Starting at the line below that contains "Ванная комната не" and ending at the line that contains "Question Papers @S-VYASA", retype each line exactly as it stands, but omit the pictures.

_Exercise inputs_.
###

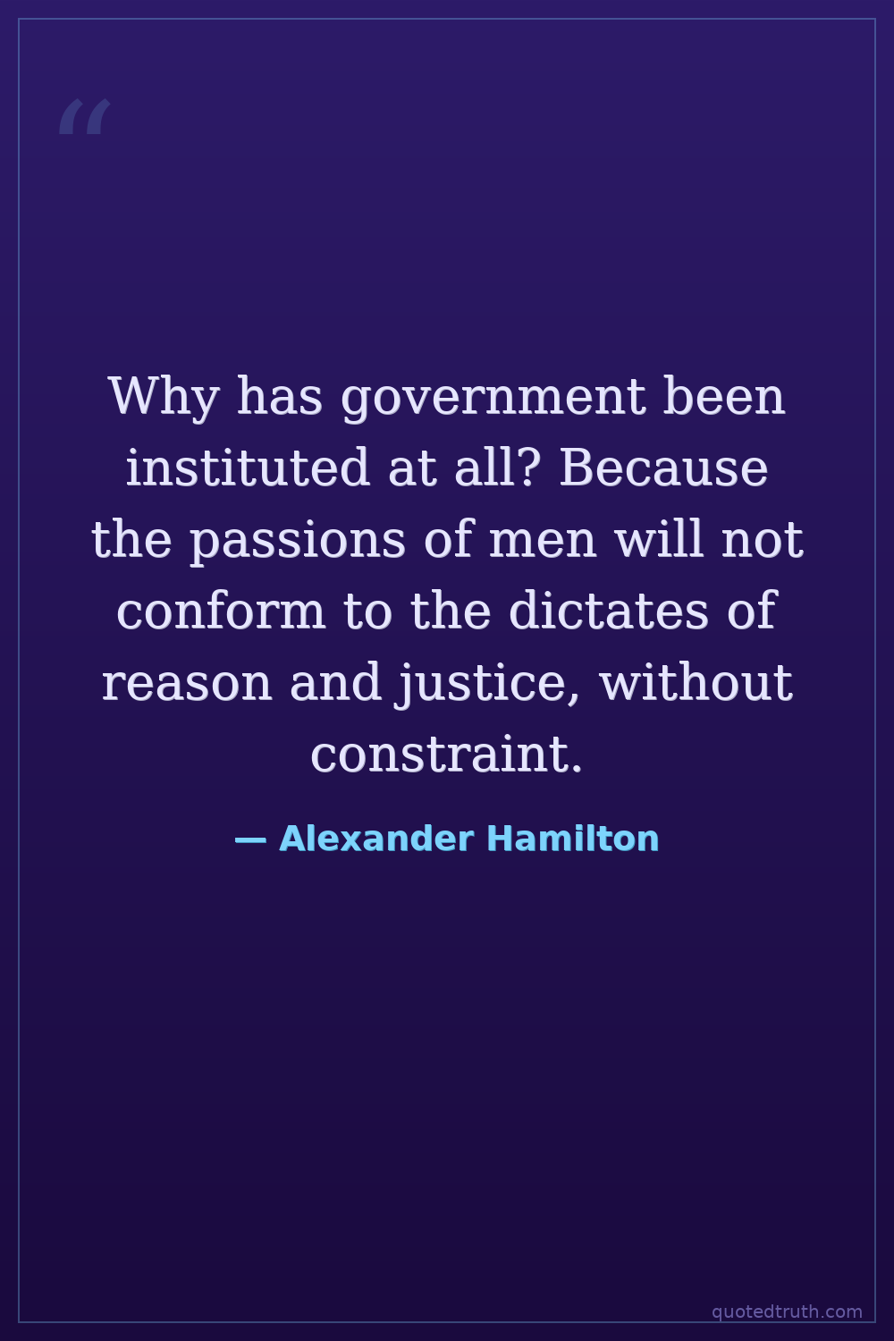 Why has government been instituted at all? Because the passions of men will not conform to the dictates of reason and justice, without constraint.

###

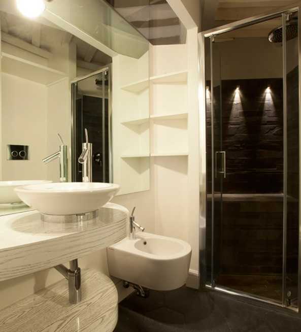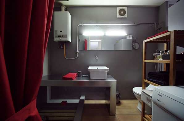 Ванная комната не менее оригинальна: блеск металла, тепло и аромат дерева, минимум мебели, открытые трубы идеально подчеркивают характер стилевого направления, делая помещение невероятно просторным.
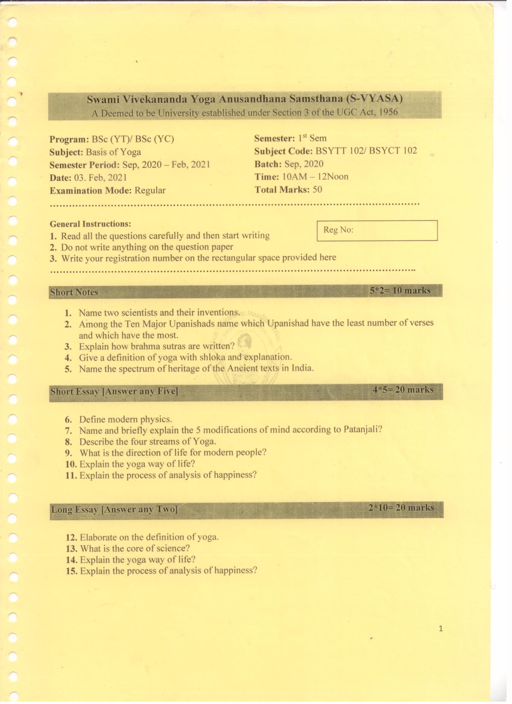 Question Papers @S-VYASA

###

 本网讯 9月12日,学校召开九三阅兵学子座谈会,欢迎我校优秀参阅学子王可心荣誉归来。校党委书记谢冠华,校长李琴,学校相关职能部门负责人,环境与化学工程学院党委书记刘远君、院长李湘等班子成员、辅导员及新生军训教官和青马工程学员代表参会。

###

_Exercise response_.
 Ванная комната не менее оригинальна: блеск металла, тепло и аромат дерева, минимум мебели, открытые трубы идеально подчеркивают характер стилевого направления, делая помещение невероятно просторным.
 Question Papers @S-VYASA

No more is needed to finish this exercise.